0
0
MongodbComparisonBeginner · 4 min read

When to Embed vs Reference in MongoDB: Key Differences and Usage

Use embedding in MongoDB when related data is frequently accessed together and the data size is small, ensuring faster reads. Use referencing when data is large, shared across documents, or updated independently to keep data normalized and avoid duplication.
⚖️

Quick Comparison

Here is a quick comparison of embedding vs referencing in MongoDB based on key factors.

FactorEmbeddingReferencing
Data SizeSmall, fits within document size limitCan be large or grow over time
Data AccessAccessed together frequentlyAccessed separately or less often
Data DuplicationDuplicates data if repeatedNo duplication, single source of truth
Update FrequencyUpdated togetherUpdated independently
Query PerformanceFaster reads, fewer queriesRequires joins/lookups, more queries
Data ConsistencyEasier to maintain consistencyRequires manual consistency management
⚖️

Key Differences

Embedding stores related data inside the same document. This is great when you want to retrieve all related information in one go, like a blog post with its comments. It reduces the number of queries and speeds up reads but can increase document size and cause duplication if the embedded data repeats.

Referencing stores related data in separate documents and links them using IDs. This keeps data normalized and avoids duplication, which is useful when the related data is large or shared across many documents, like users referenced by many posts. However, it requires extra queries or $lookup operations to join data, which can slow down reads.

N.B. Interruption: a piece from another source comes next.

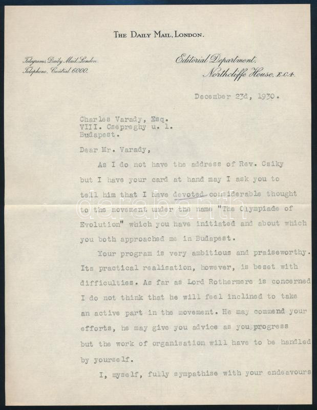 George Ward Price (1886-1961) ujságíró autográf aláírt levél / Auptgraph signed letter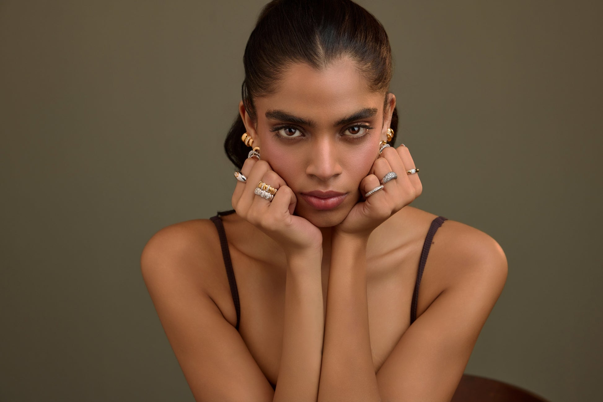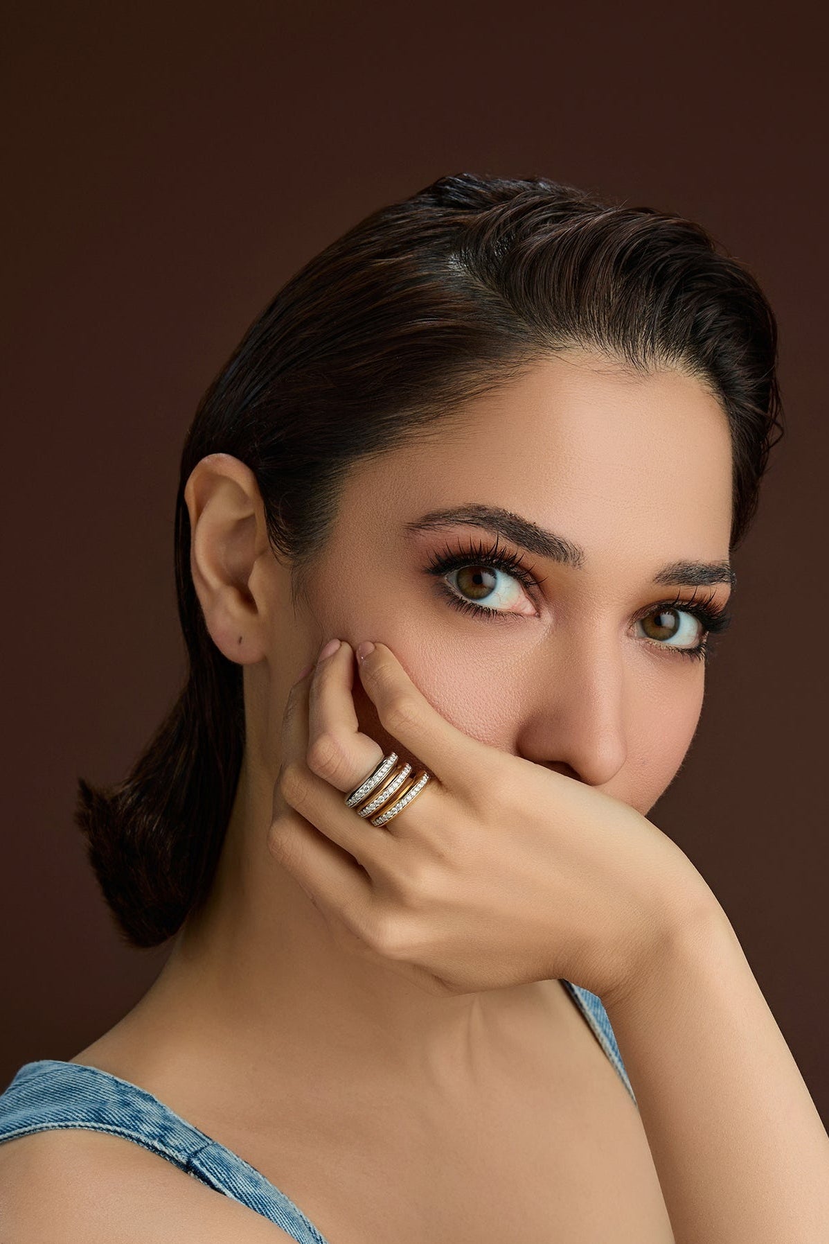 A line of 34 diamonds runs perfectly through the center, set in warm 18K yellow gold. Minimalist yet radiant, this band shines with quiet precision.

Choosing between embedding and referencing depends on your application's data access patterns, update frequency, and size constraints. Embedding favors read speed and simplicity, while referencing favors data integrity and flexibility.

⚖️

Code Comparison

Example of embedding comments inside a blog post document.

mongodb
db.posts.insertOne({
  title: "My First Post",
  content: "Hello world!",
  comments: [
    { user: "Alice", message: "Great post!" },
    { user: "Bob", message: "Thanks for sharing." }
  ]
})

// Query to get post with comments
const post = db.posts.findOne({ title: "My First Post" })
printjson(post)
Output
{ "_id": ObjectId("..."), "title": "My First Post", "content": "Hello world!", "comments": [ { "user": "Alice", "message": "Great post!" }, { "user": "Bob", "message": "Thanks for sharing." } ] }
↔️

Referencing Equivalent

Example of referencing comments in a separate collection linked by post ID.

mongodb
db.posts.insertOne({
  _id: ObjectId("post1"),
  title: "My First Post",
  content: "Hello world!"
})

db.comments.insertMany([
  { postId: ObjectId("post1"), user: "Alice", message: "Great post!" },
  { postId: ObjectId("post1"), user: "Bob", message: "Thanks for sharing." }
])

// Query to get post
const post = db.posts.findOne({ _id: ObjectId("post1") })
// Query to get comments for the post
const comments = db.comments.find({ postId: ObjectId("post1") }).toArray()
printjson(post)
printjson(comments)
Output
{ "_id": ObjectId("post1"), "title": "My First Post", "content": "Hello world!" } [ { "postId": ObjectId("post1"), "user": "Alice", "message": "Great post!" }, { "postId": ObjectId("post1"), "user": "Bob", "message": "Thanks for sharing." } ]
🎯

When to Use Which

Choose embedding when related data is small, accessed together, and updated at the same time, like user profile details or product reviews inside a product document. Embedding improves read performance and simplifies queries.

Choose referencing when related data is large, shared among many documents, or updated independently, such as users referenced by many posts or orders referencing products. Referencing keeps data normalized and avoids duplication but requires additional queries.

Always consider your application's read/write patterns and data size limits before deciding.

Key Takeaways

Embed related data when it is small and accessed together for faster reads.
Reference data when it is large, shared, or updated independently to avoid duplication.
Embedding simplifies queries but can increase document size and duplication.
Referencing keeps data normalized but requires extra queries or lookups.
Choose based on your application's data access and update patterns.